I think three patterns matter here:

  1. Business process design and software delivery collapse into one loop. You can already see it in smaller firms and AI-native organizations, where speed matters more than elegance and teams are willing to work through operational ambiguity. They capture the process, generate the application, test it in the flow of work, and refine as more data comes back. The speed is real, but so is the debt: code that no one wrote by hand is code that no one fully understands, and maintaining what you don’t understand is a cost that compounds silently. This is a different operating model: one in which a process owner plays a direct role in shaping systems, data, and workflows.

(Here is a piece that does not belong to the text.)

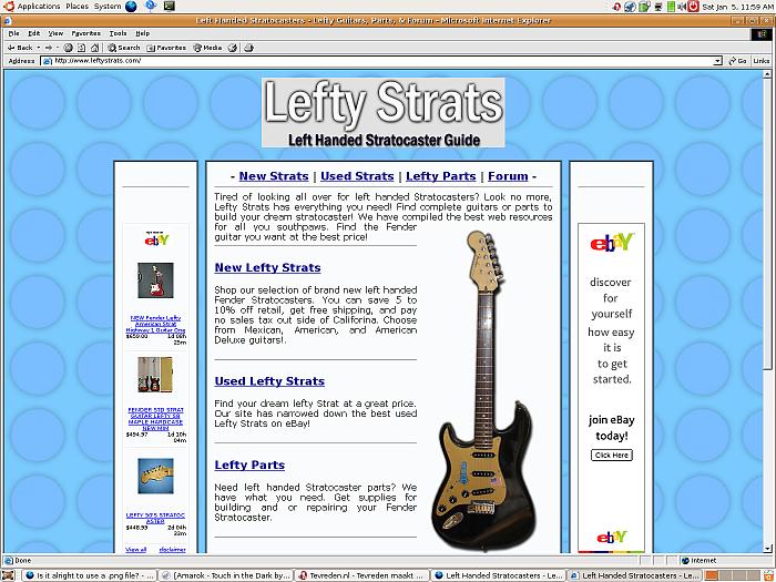 I built a website that has a pattern in the background and I wanted the logo to have a transparent background. I used a .png for the logo of www.leftystrats.com . Do pretty much all broswers support png files now? GIF's did not provide enough detail.

Scaling it demands the right mental model for agentic AI: treating each agent as both a skill and a product, with the governance foundations to match.

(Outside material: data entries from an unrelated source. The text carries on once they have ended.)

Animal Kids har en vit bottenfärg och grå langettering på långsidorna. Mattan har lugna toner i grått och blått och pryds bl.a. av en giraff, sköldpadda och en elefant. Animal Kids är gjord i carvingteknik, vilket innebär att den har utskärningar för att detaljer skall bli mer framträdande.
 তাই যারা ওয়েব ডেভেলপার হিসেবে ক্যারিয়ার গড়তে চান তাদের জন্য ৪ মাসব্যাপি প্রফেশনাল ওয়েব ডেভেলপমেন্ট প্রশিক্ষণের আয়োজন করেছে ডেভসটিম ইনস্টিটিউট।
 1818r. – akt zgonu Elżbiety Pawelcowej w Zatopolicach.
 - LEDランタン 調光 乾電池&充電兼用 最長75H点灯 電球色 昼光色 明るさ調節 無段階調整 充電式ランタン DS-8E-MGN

  2. Larger enterprises will struggle to implement this operating model. They lack workflow clarity, governance, and leadership confidence. A bank in Singapore, or a public sector agency in Australia may have access to the same models and tools, but in most cases, the organization is still trying to turn fragmented process knowledge into usable software without creating control gaps, security exposure, or another layer of technical debt. Process intelligence platforms such as Celonis and Signavio address part of this problem by giving firms a clearer view of how work actually flows across the organization. But the governance architecture for AI-generated applications entering production, including who owns it, who controls it, who is accountable when it fails, is a gap most CIOs have not yet closed.

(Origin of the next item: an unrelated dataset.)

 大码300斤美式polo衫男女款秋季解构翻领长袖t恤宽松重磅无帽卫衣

  3. SaaS vendors face uneven pressure. Systems that mainly package straightforward workflow and light configuration are most exposed. If someone who understands the problem well enough to describe it clearly can replicate 80% of the value in a weekend, the SaaS subscription is hard to justify. Systems encoding deep domain judgment – the compliance logic refined across thousands of implementations and shaped by regulatory frameworks – still have room to defend their business. Workday’s value isn’t the interface. It’s the HR compliance logic that satisfies auditors across 30 jurisdictions. That expertise cannot be replicated in a weekend, regardless of how cheap code becomes. But features alone will not hold. That game is getting cheaper by the quarter.

What it means for CIOs

The Hong Kong MD is an early adopter. When the economics shift this fast, edge cases are important signals that reveal where the market is heading long before most enterprise leaders are willing to acknowledge it. Software economics are evolving far faster than enterprise governance models can keep up. The gap between what can be built and what organizations can safely absorb is where CIOs should focus now:

  • Audit your application portfolio. Flag every application where the primary value is workflow mirroring and the differentiating value is thin: little domain compliance logic, low switching cost, no network effect. These are the candidates for AI-assisted build, extension, or replacement. Forrester’s REAP framework can help structure this assessment.
  • Close the governance gap before the build wave arrives. Who in your company can actually articulate a process well enough to rebuild it? Who can decide what must be standardized and where variation makes sense? Who owns the control points as AI generated applications begin entering production? This is where the gap will widen between firms that use these tools effectively and firms that accumulate pilots with no operational impact.
  • Change how you evaluate vendors. Probe for domain expertise, regulatory coverage, ecosystem value. If the answer you get sounds like another feature roadmap, pay attention – you are paying for convenience that is about to get very cheap.